» Task prompt
Using the data below, reproduce exactly the lines from the line with "Scarred, donning pointed" to the line with "Denne grunnlayouten er", both included; pictures must be dropped.

» Material to process
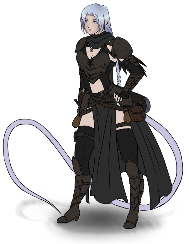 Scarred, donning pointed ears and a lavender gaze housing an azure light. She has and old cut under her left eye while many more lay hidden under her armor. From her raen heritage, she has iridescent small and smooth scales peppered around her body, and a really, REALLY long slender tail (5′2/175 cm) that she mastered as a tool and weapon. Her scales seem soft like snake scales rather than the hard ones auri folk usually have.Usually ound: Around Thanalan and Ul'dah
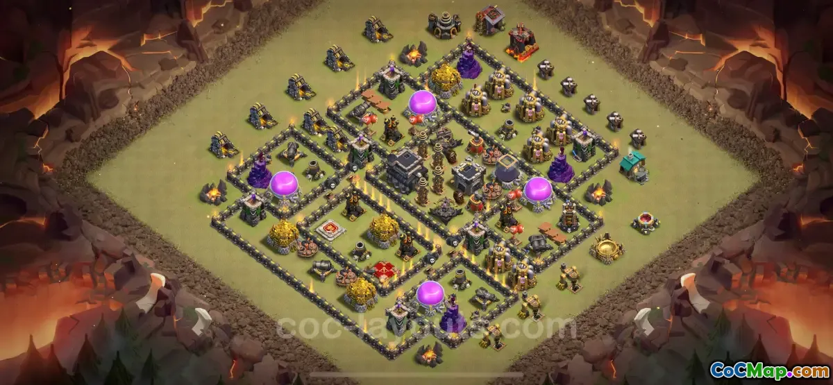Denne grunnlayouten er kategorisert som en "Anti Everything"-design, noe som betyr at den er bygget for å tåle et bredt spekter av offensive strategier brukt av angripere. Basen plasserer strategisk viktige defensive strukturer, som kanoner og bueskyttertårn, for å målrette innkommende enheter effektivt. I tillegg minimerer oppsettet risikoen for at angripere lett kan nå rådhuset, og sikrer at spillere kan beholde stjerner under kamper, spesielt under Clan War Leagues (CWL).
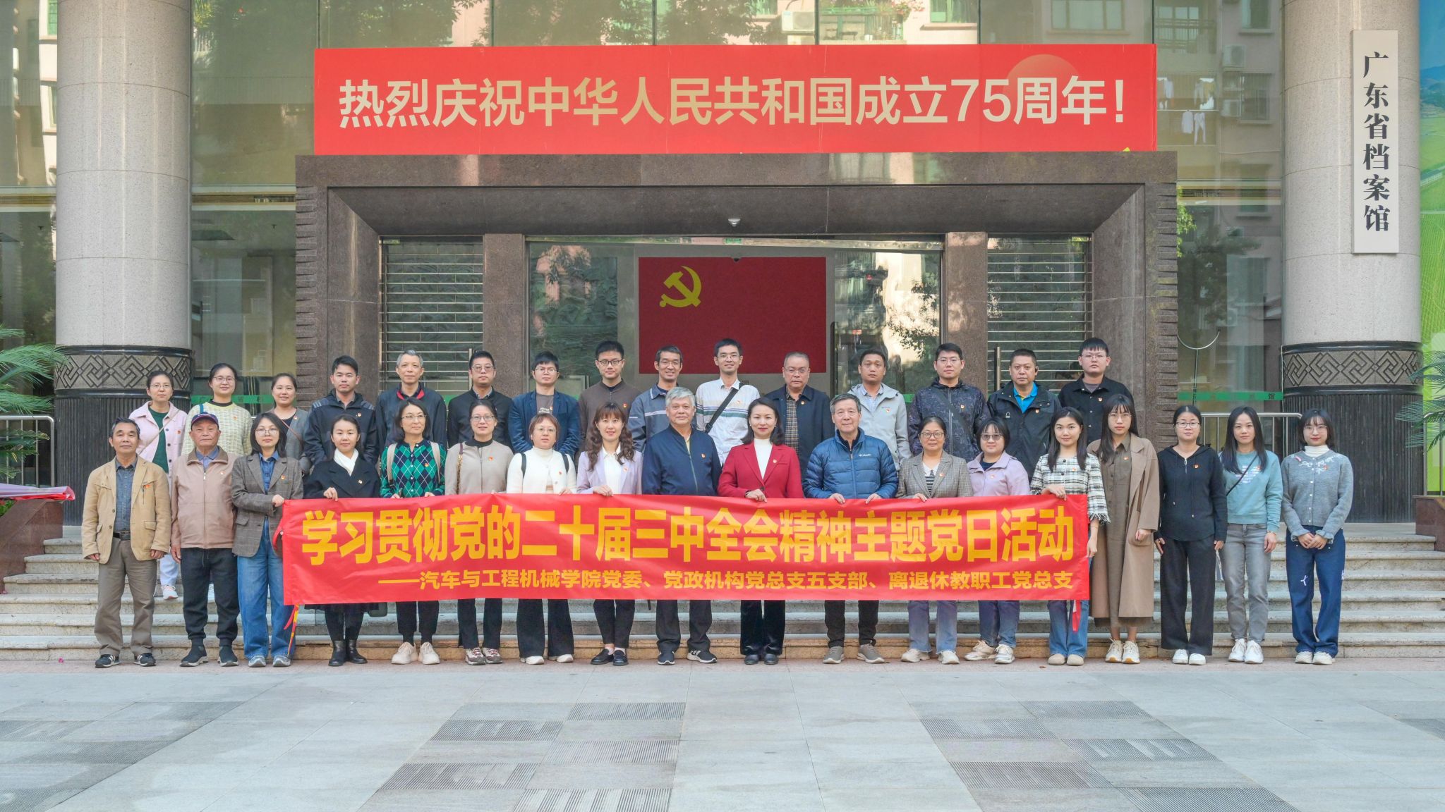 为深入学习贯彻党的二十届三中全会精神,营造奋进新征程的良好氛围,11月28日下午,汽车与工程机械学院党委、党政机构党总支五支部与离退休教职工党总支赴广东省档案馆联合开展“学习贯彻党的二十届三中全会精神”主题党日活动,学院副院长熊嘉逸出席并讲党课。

---

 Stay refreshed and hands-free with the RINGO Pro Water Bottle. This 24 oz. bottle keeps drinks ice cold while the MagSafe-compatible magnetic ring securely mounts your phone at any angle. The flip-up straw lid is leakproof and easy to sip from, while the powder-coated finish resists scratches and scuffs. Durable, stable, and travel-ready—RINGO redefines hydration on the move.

» Expected answer
 Scarred, donning pointed ears and a lavender gaze housing an azure light. She has and old cut under her left eye while many more lay hidden under her armor. From her raen heritage, she has iridescent small and smooth scales peppered around her body, and a really, REALLY long slender tail (5′2/175 cm) that she mastered as a tool and weapon. Her scales seem soft like snake scales rather than the hard ones auri folk usually have.Usually ound: Around Thanalan and Ul'dah
Denne grunnlayouten er kategorisert som en "Anti Everything"-design, noe som betyr at den er bygget for å tåle et bredt spekter av offensive strategier brukt av angripere. Basen plasserer strategisk viktige defensive strukturer, som kanoner og bueskyttertårn, for å målrette innkommende enheter effektivt. I tillegg minimerer oppsettet risikoen for at angripere lett kan nå rådhuset, og sikrer at spillere kan beholde stjerner under kamper, spesielt under Clan War Leagues (CWL).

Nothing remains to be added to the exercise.